I’m happy within myself, and I can imagine few things that would kill that, but I’m deeply unsettled by just about everything I see in the world around me. I don’t enjoy indulging those feelings of depression, dread, and anger, but sometimes it happens. Sometimes I consciously do that in the music I choose to listen to, and sometimes I’m led down those pathways by chance encounters.
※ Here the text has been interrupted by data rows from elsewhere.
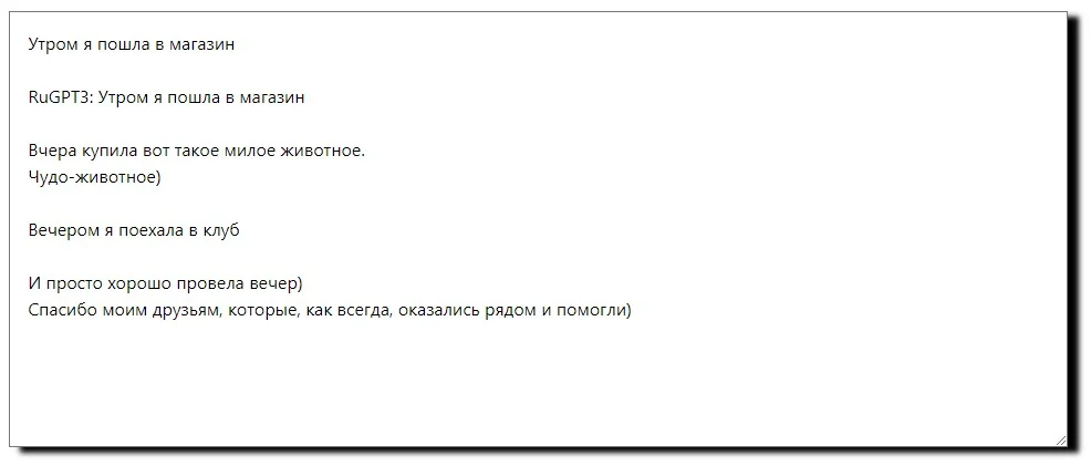 RuGPT-3. Это нейросеть от «Сбера», которая продолжает затравки пользователей. С нашей задачей сервис не справился от слова совсем. Видимо, информационные статьи он писать не умеет. Для чистоты эксперимента предложила нейросети еще одну затравку — «Утром я пошла в магазин». Здесь текст получился более логичным, хотя смысл явно страдает. Ну кто идет в магазин, чтобы купить «чудо-животное»?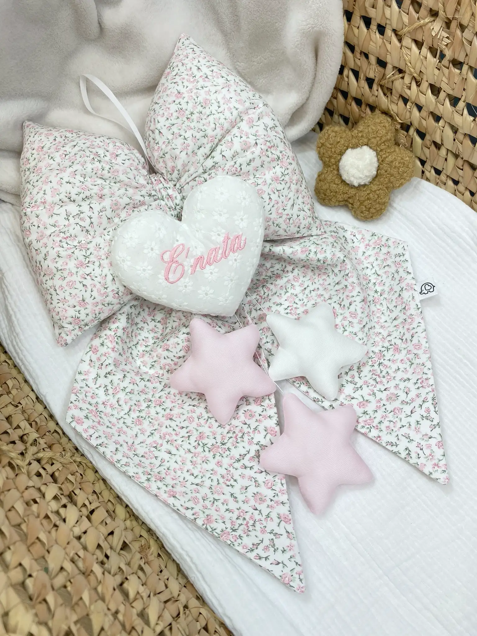 Ogni Fiocco nascita fiori rosa con Cuore Ricamato e Stelline Pendenti è un pezzo unico, realizzato artigianalmente con tessuti di alta qualità. La raffinata fantasia floreale in nuance pastello si sposa perfettamente con il bianco del piquet centrale, creando un contrasto armonioso e molto sofisticato.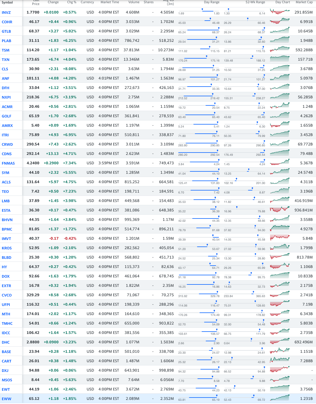 Stocks: INVZ 0.00%↑ COHR 0.00%↑ GTLB 0.00%↑ PLAB 0.00%↑ TSM 0.00%↑ TXN 0.00%↑ CLS 0.00%↑ ANF 0.00%↑ DFH 0.00%↑ NXPI 0.00%↑ ACMR 0.00%↑ GOLF 0.00%↑ AMRX 0.00%↑ ITRI 0.00%↑ CRWD 0.00%↑ CDNS 0.00%↑ $FNMAS SYM 0.00%↑ ACLS 0.00%↑ TEO 0.00%↑ LMB 0.00%↑ ESTA 0.00%↑ BHVN 0.00%↑ BPMC 0.00%↑ IMVT 0.00%↑ KROS 0.00%↑ BLBD 0.00%↑ HY 0.00%↑ DOX 0.00%↑ EXTR 0.00%↑ CVCO 0.00%↑ UFPI 0.00%↑ MTH 0.00%↑ TMHC 0.00%↑ IDCC 0.00%↑ DHC 0.00%↑ BASE 0.00%↑ CART 0.00%↑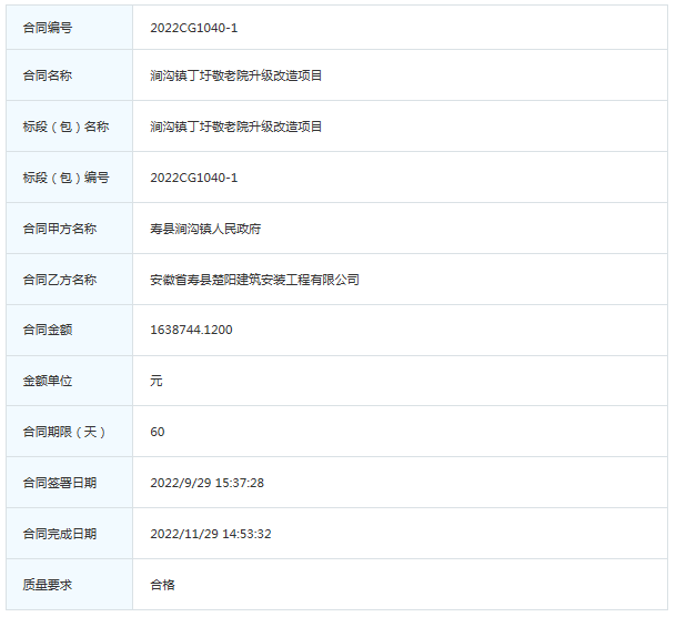| 名称: | 涧沟镇丁圩敬老院升级改造项目 |

Last night in my listening I went down a rabbit hole that became an increasingly dark pathway through a warren, and it happened by chance, just checking out the most recent songs I found in our in-box, and one that came to me thanks to a friend. But it all fit together as a kind of journey. I can’t say the trip left me buoyant by the end; it mainly indulged those other feelings instead. I’m not egotistical enough to think that everyone who lands on this post will find the entire journey as meaningful as I did; I’m not humble enough to think that you won’t.

FRECUENCIA DE MUERTE

Sometimes powerful underground music would be lost to me, as for many others, if not for a striking piece of artwork or the appearance of a familiar name, or some other truly random signal. In the case of FDeM, what made me stop and listen was the name Brad Boatright. It’s a familiar name, of course, because his recording and mastering work at Audioiege is attached to so many great records, but in the case of FDeM (as in From Ashes Rise), he’s a performer. I had to hear what that would be like in this new band. Continue reading »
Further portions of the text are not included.